It is usual for people to experience stress and fear in response to infectious diseases, which can be maladaptive22. Fear is commonly observed in infectious disease outbreaks, and various factors can contribute to its development, such as fear of contracting or spreading an illness, losing loved ones, or severe restrictions on social interactions23. Prolonged and intense feelings of fear can have negative impacts on both mental and physical health. Therefore, gaining a better understanding of the reasons behind fear during pandemics can help minimize its impact in the future24.

The COVID-19 pandemic has highlighted the need to identify public health interventions that can prevent the spread of infectious diseases and mitigate social and economic impacts. Gaining insight into the psychological and behavioral patterns of individuals post-COVID-19 pandemic is of utmost importance. This understanding is critical for effectively implementing recommendations that promote adherence to guidelines and tailoring personalized intervention strategies. By doing so, we can effectively mitigate and reduce the negative health consequences that may arise in the future. Thus, the aim of this study is to understand the levels of fear experienced by individuals regarding future pandemics and/or epidemics among the general population of Cyprus and comprehensively examine the diverse factors, including but not limited to sociodemographic characteristics, factors related to health status, health literacy, trust, as well as specific factors related to the COVID-19 pandemic experience (e.g., previous infection, vaccination status, underlying health conditions), that influence this perceived fear. By investigating these factors, we aim to gain insights into the multifaceted determinants shaping the perception of fear and its associated factors among the population of Cyprus.

Results

Sociodemographic characteristics

A total of 1075 individuals participated in the study. The mean age of the participants was 43.6 years old (SD = 17.7 years old) with 13.2% (n = 142) aged 18–24 years old, 41.1% (n = 442) aged 25–44 years old, 30.3% (n = 326) aged 45–64 years old and 15.4% (n = 165) aged 65 years and over (Table 1). A total of 560 females (52.1%) participated in the study. Most of the participants were from Cyprus (n = 1019, 94.8%), residents of Nicosia (n = 429, 39.9%) and lived in urban areas (n = 920, 85.6%). In addition, the majority of the respondents were private employees (n = 391, 36.4%), were not healthcare professionals (n = 912, 86.9%), were married/in cohabitation (n = 648, 60.7%), had children (n = 616, 57.6%), had not underage children living in the household (n = 741, 70.0%), had completed an undergraduate education (n = 400, 37.3%) and had an annual income of more than €19,500 (n = 529, 49.4%) (Table 1).

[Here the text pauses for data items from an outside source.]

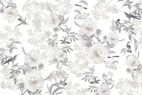 Een verfijnde compositie van natuurlijke schoonheid, waarin bloemen, vogels en botanische elementen in een harmonieuze balans zijn weergegeven. Subtiele kleuren en gedetailleerde patronen zorgen voor een elegante en tijdloze uitstraling die iedere ruimte transformeert.
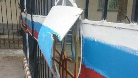 В комментариях к фото пользователь отметил, что «украинские символы оккупанты прикрыли картонкой раскрашенной в цвета аквафреша».
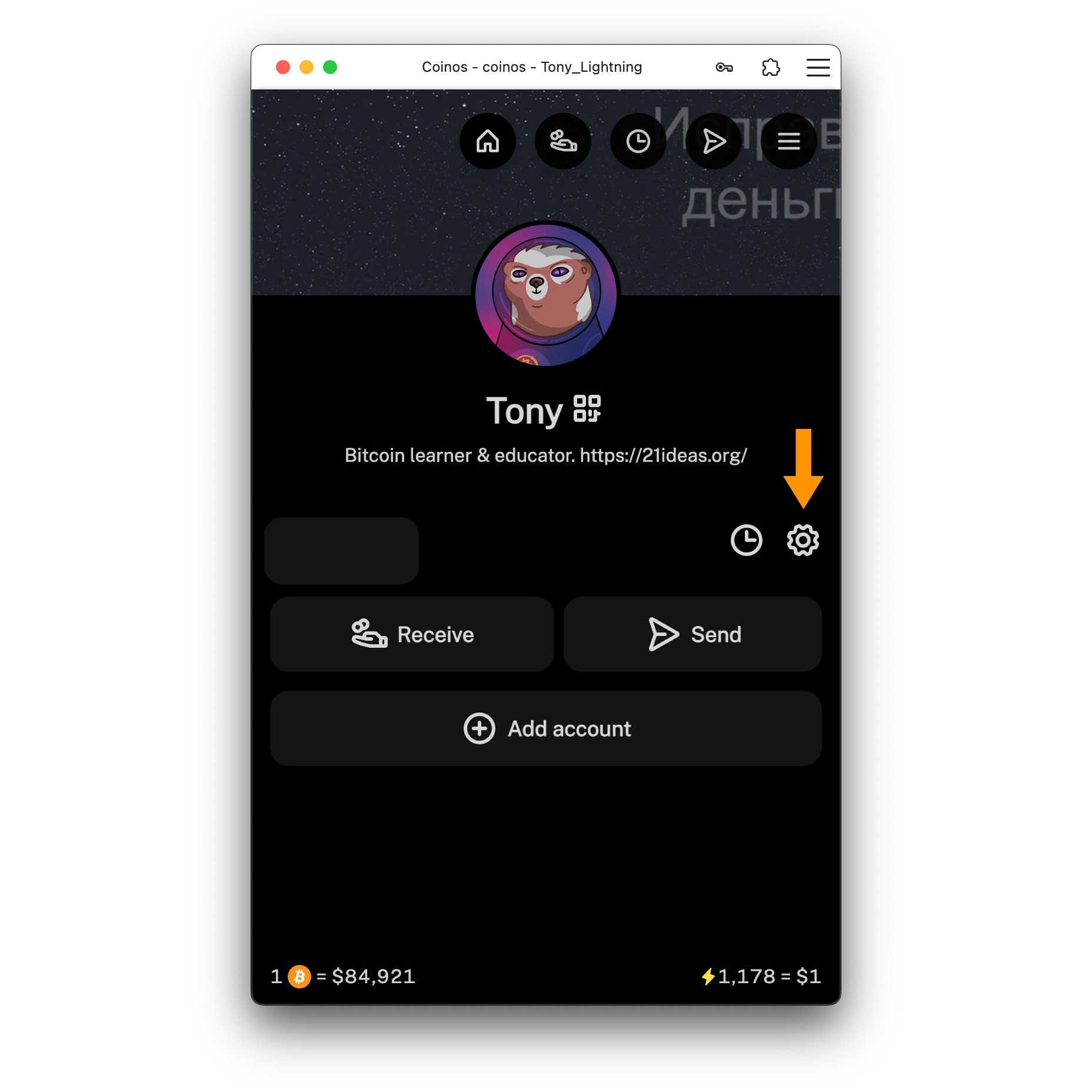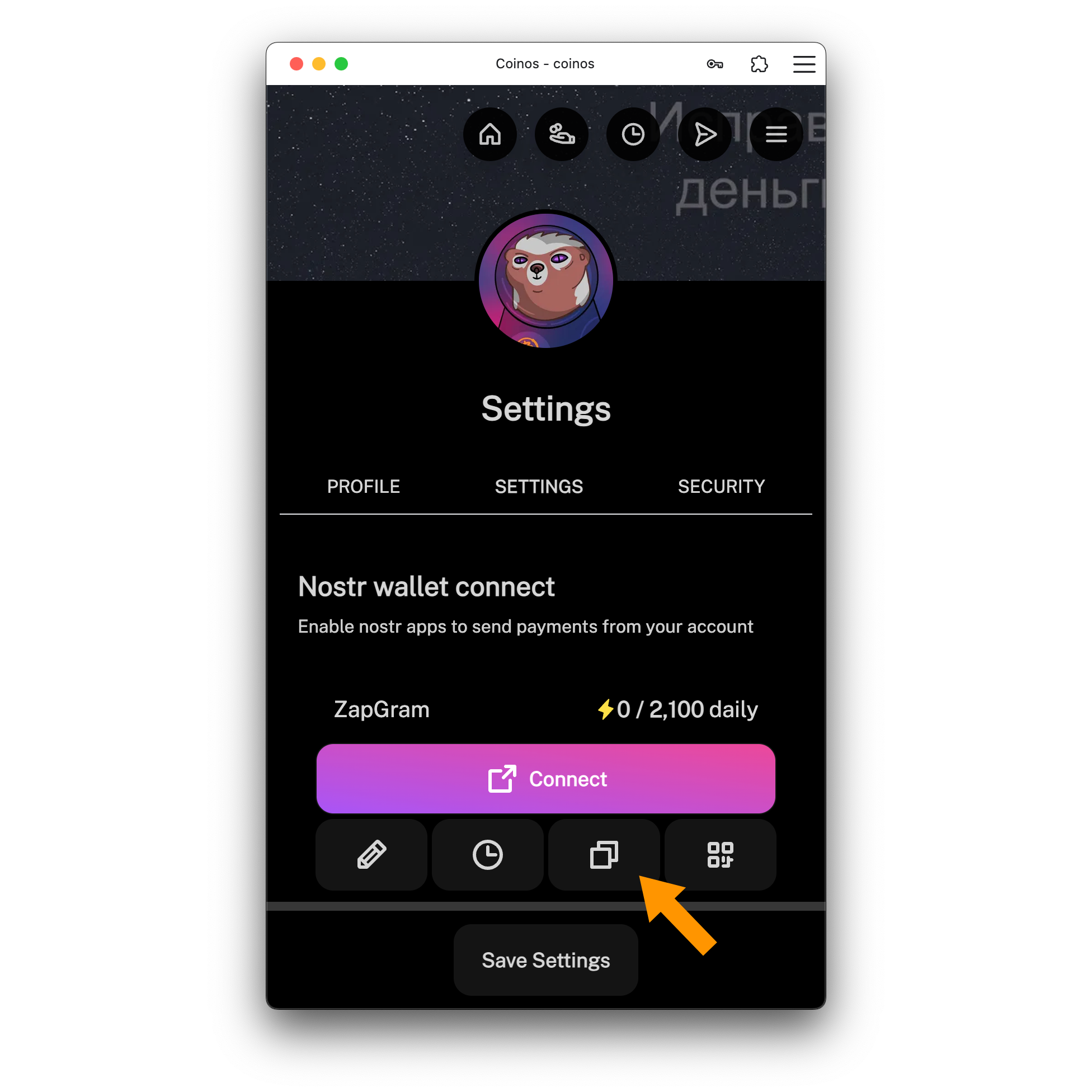 Чтобы привязать свой кошелёк Coinos к ZapGram:
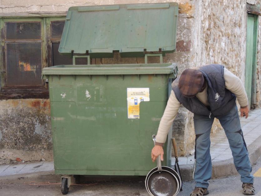En la calle Almirez, un personaje recogiendo cosas del contenedor,
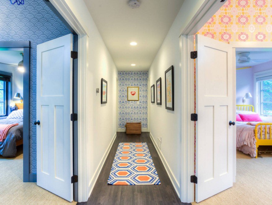 - Для коридора больше подходят однотонные обои. Но можно использовать и материал с принтом, чтобы скорректировать пропорции. Например, если коридор узкий, но длинный, стоит подобрать обои с вертикальными линиями. А варианты с горизонтальными бордюрами визуально удлинят стены.
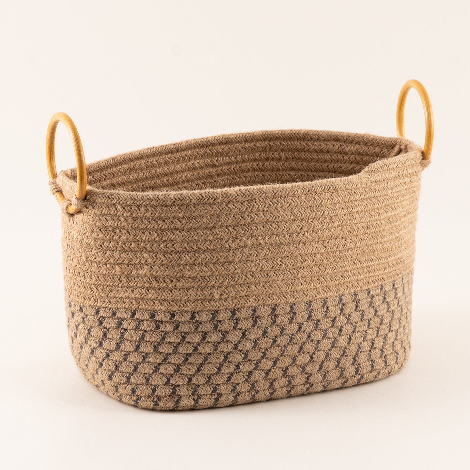 "هومز سلة تخزين مصنوعة من حبال الجوت ممزوجة ببولي قطن، بتصميم يشبه الراتان ولون بيج، مناسبة للتخزين العملي مع لمسة ديكور دافئة وأنيقة. المقاس: 40*30*30 سم.

Table 1 Sociodemographic characteristics overall and by fear of future epidemics and/or pandemics.

The mean score of fear of future epidemics and/or pandemics was 17.4 (SD = 6.5, range: 8–40), indicating a moderate level of fear. As expected, participants who reported being afraid of future epidemics and/or pandemics had a higher score of fear (mean = 21.1, SD = 5.5) compared to those who did not report fear (mean = 13.1, SD = 4.6) (p < 0.001). Further information regarding the characteristics associated with fear of future epidemics and/or pandemics can be found in Supplementary Table 1. The largest statistically significant correlation estimate was found between perceived fear of future epidemics and/or pandemics and health literacy (p < 0.001). The greater statistically significant correlation estimate (r = 0.2883) refers to a small association between perceived fear of future epidemics and/or pandemics and health literacy (Supplementary Table 2).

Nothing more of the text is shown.